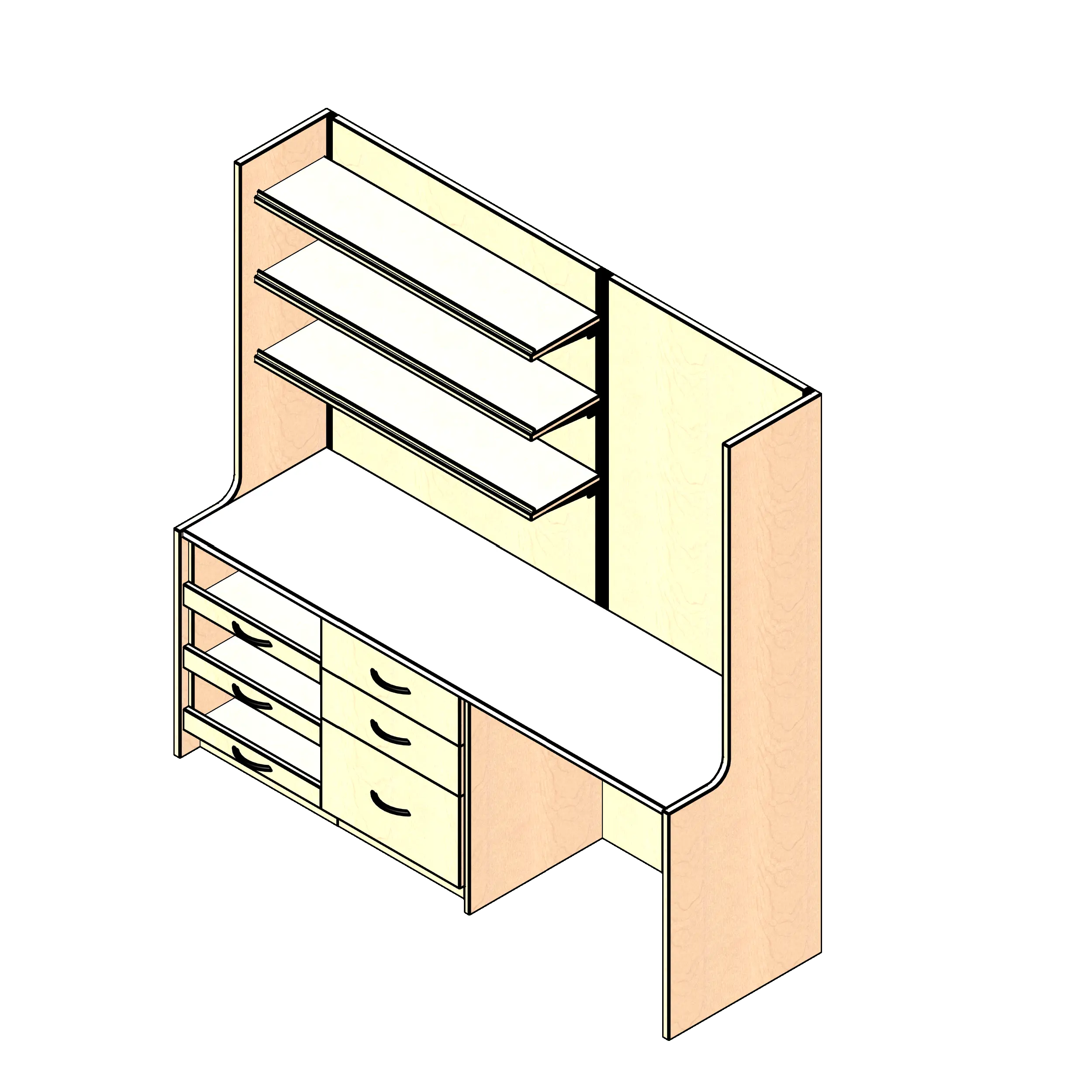 • Kit includes one tray drawer base cabinet, one box box file, one open knee space cabinet, one countertop, three adjustable shelves, two back panels, and two side panels.
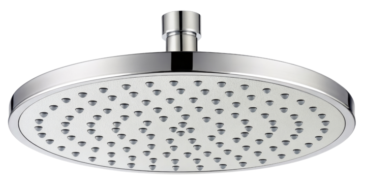 Round Shower Head, Chrome Finish, Isolated on Transparent Background, Bathroom Fixture, Plumbing, shower, rainfall, chrome
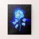 Blooming, abstract rose from blue flame on black background. Fire rose.
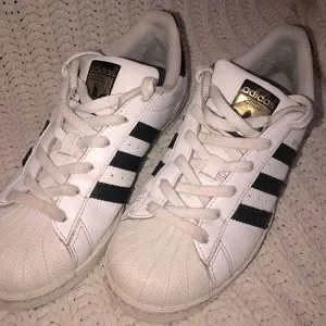 Adidas All Stars White Sneakers W7/M5.5. Been worn several times but still in good condition!
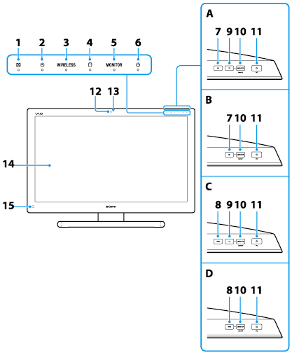 Décrit les fonctionnalités sur la partie frontale de l'ordinateur VAIO, telles que les boutons et les témoins.
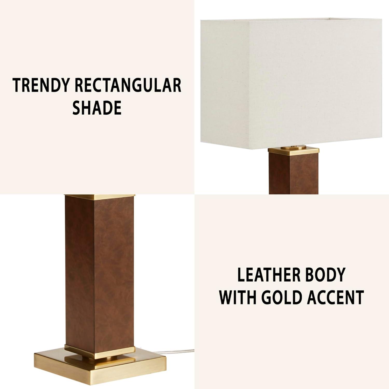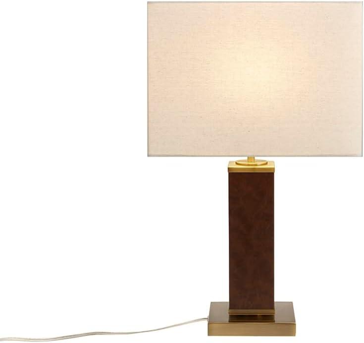 Introducing the modern and sophisticated Hawley table lamp, featuring brown faux leather for an elegant aesthetic, paired with a gold metal base for a luxurious touch. Its off-white rectangle shade offers a subtle contrast, completing the design
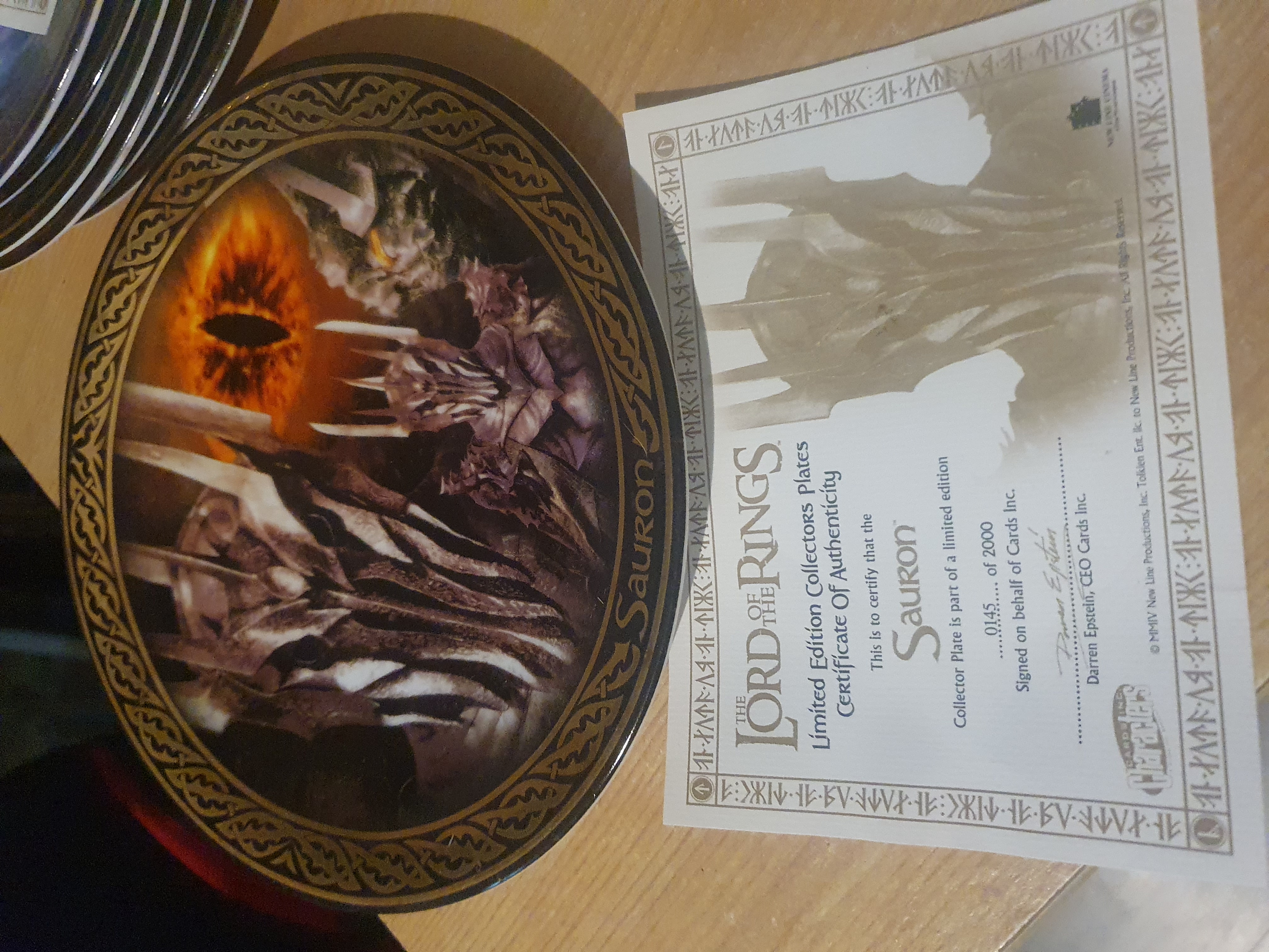 Limited edition Lord of ring collectors plate with Coa

——————————

* _Work required_: What is needed is an exact repeat of the records, with every picture left out.

* _Answer to the problem_:
 • Kit includes one tray drawer base cabinet, one box box file, one open knee space cabinet, one countertop, three adjustable shelves, two back panels, and two side panels.
 Round Shower Head, Chrome Finish, Isolated on Transparent Background, Bathroom Fixture, Plumbing, shower, rainfall, chrome
 Blooming, abstract rose from blue flame on black background. Fire rose.
 Adidas All Stars White Sneakers W7/M5.5. Been worn several times but still in good condition!
 Décrit les fonctionnalités sur la partie frontale de l'ordinateur VAIO, telles que les boutons et les témoins.
 Introducing the modern and sophisticated Hawley table lamp, featuring brown faux leather for an elegant aesthetic, paired with a gold metal base for a luxurious touch. Its off-white rectangle shade offers a subtle contrast, completing the design
 Limited edition Lord of ring collectors plate with Coa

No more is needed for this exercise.